Tournoi des VI Nations: Anne-Cécile Ciofani, la septiste supersonique dans le grand bain du XV de France

Vous avez décroché trois médailles sur les six premières étapes du World Sevens Series avec les Bleues : le bronze à Dubaï et l’argent au Cap et à Vancouver. En revanche, vous restez sur deux tournois sans podium à Los Angeles et Hong Kong. Comment vous sentez-vous ?

Très déterminées et très revanchardes. J'ai vraiment l'impression qu'on a pris un gros tournant cette année. Avec les Jeux qui approchent, on a peut-être toutes eu ce déclic-là. En tout cas je sens qu'à chaque tournoi, on ne se satisfait plus des podiums, on ne se satisfait plus des bonnes choses faites pendant nos matchs. On sait que ce ne sera pas suffisant pour gagner l'or que l’on veut.

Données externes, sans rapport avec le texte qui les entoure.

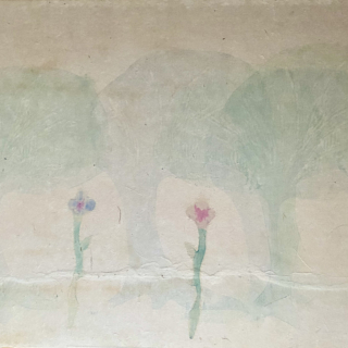 塩川の作品は、不思議なイメージと美しい構成で観る者を惹きつけます。和紙に摺られた柔らかい輪郭線のイメージは、私たちが木版画と聞いた時に連想するものとは大きく異なります。顔や体、動物や植物、月や星などのモチーフを板から鋸で切り出して版木を作り、水性絵具をのせてプレス機やバレンで摺って絵具を和紙に染み込ませていく手法は、日本の伝統的な水性木版画の技法を基礎としつつ、塩川が自身に最も合う表現方法を求める中で編み出した独自のものです。また、摺ったイメージを裏打ちや水切りの技法を用いて切り取り、再構成してコラージュ作品も制作しています。木版画という枠にとらわれない絵画性の高い作品の数々をご高覧下さい。

Il rester le tournoi de Singapour (3 au 5 mai) et la finale à Madrid (31 mai au 2 juin). Comment abordez-vous ces derniers rendez-vous avant les Jeux ?

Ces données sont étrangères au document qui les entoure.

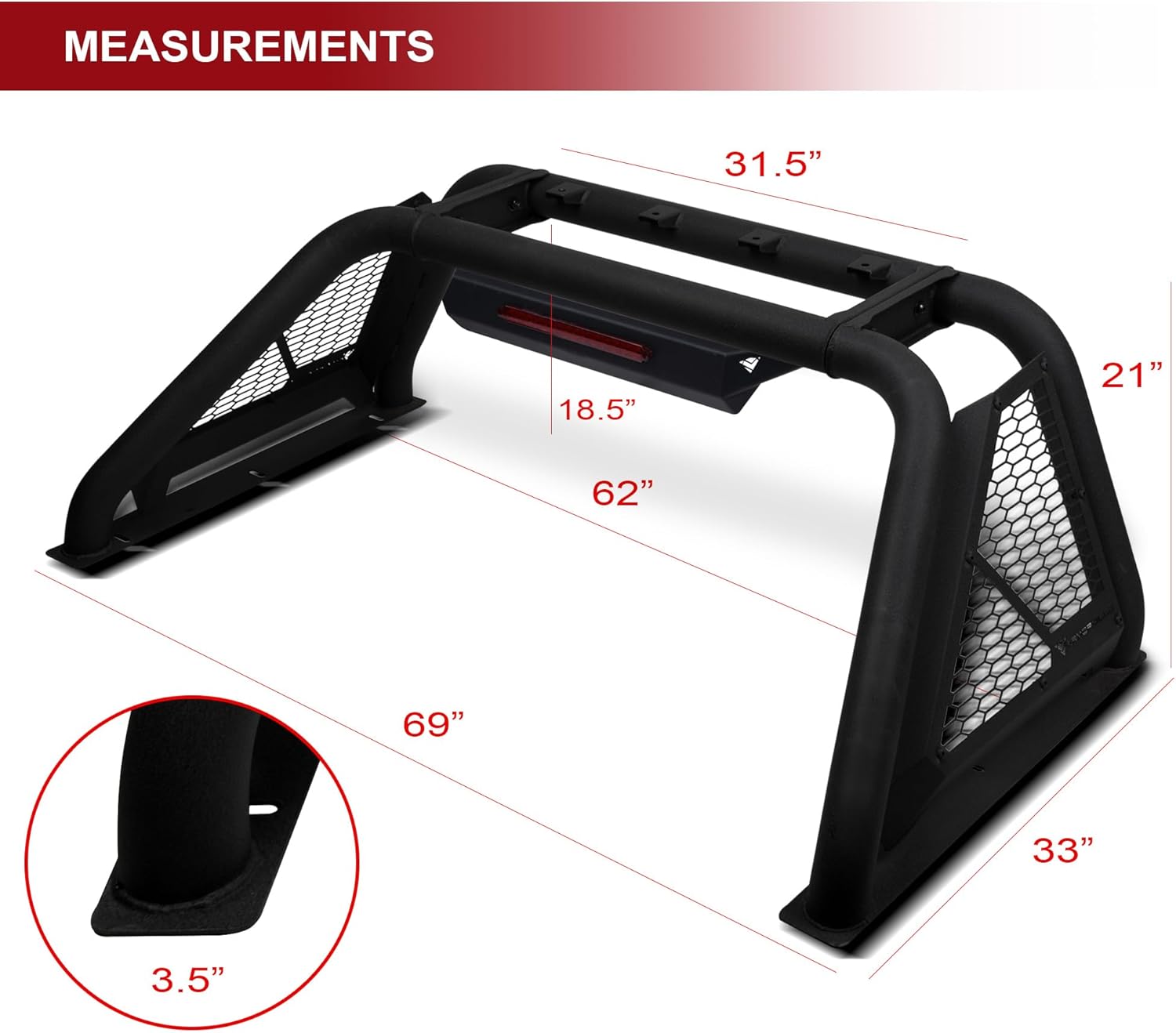 Armordillo CR-B Chase Rack Roll Bar Is The Ultimate Solution For Most Full Size (1/2 Ton) Pickup Truck Owners Who Want The Perfect Combination Of Style And Function, All In One Convenient Package. This Premium Rack Is Constructed From Heavy-Duty Carbon Steel To Ensure It Provides Maximum Durability And Performance. The 3" Tubing Mandrel Bend And 4" Mount Base Plate Are Powder-Coated In Texture Black To Ensure A Sleek And Strong Finish. Installation Is A Breeze With The Included Hardware; Following The Easy Diy Instructions, You'Ll Have Your Truck Bed Upgraded In No Time. Not Only Does This Rack Look Great, It Is Also Incredibly Functional! It Includes A Third Brake Light For Superior Visibility On The Road So You Can Drive Safely With Your Passengers Onboard. It Also Comes With 4 Auxiliary Mounting Tabs So You Can Mount 5" Round Lights Or 50" Led Light Bars (Bottom Mount Type). This Will Help You Efficiently Get Your Vehicle Illuminated As You Navigate Any Tough Terrain With Ease. Plus, It'S Great For Mounting A Cb Radio Antenna Too! Whether You'Re Looking To Upgrade Your Current Truck Bed Or Equip Your New One, This Rigorously Tested CRB Chase Rack Roll Bar Will Meet All Your Needs -- Making It An Ideal Choice For Any Pickup Truck Owner.

Comme on aborde chaque tournoi. Avec une détermination à son comble. On essaye à chaque fois de mettre tous les ingrédients nécessaires pour emporter la plus belle des médailles. Ce sont nos deux dernières chances d’atteindre cet objectif. Mais ce n’est pas l’objectif principal. Il faut que l’on coche encore certaines cases pour que ça aboutisse cet été.

“On va balayer la médaille de Tokyo et chercher l’or."

On a célébré mercredi le J-100 avant les Jeux de Paris 2024. Vous y pensez tous les matins en vous levant ?

J'essaie de ne pas trop y penser mais quelque chose nous le rappelle tout le temps ! A la télé, dans les aéroports, même quand on va faire les courses, on tombe sur les petites mascottes de Paris 2024 et là on se dit : “Oui, effectivement il y a les Jeux cet été." Pour l’instant j’essaye de me concentrer sur le Tournoi et de ne pas me mettre la pression. Cette pression-là, je ne sais pas du tout comment je vais la gérer alors je tente de l'atténuer et de ne pas me laisser déborder. Et puis j'en parle beaucoup autour de moi pour vider un peu tout ce qui se passe dans ma tête. J'écris aussi beaucoup et je veux dédramatiser au maximum.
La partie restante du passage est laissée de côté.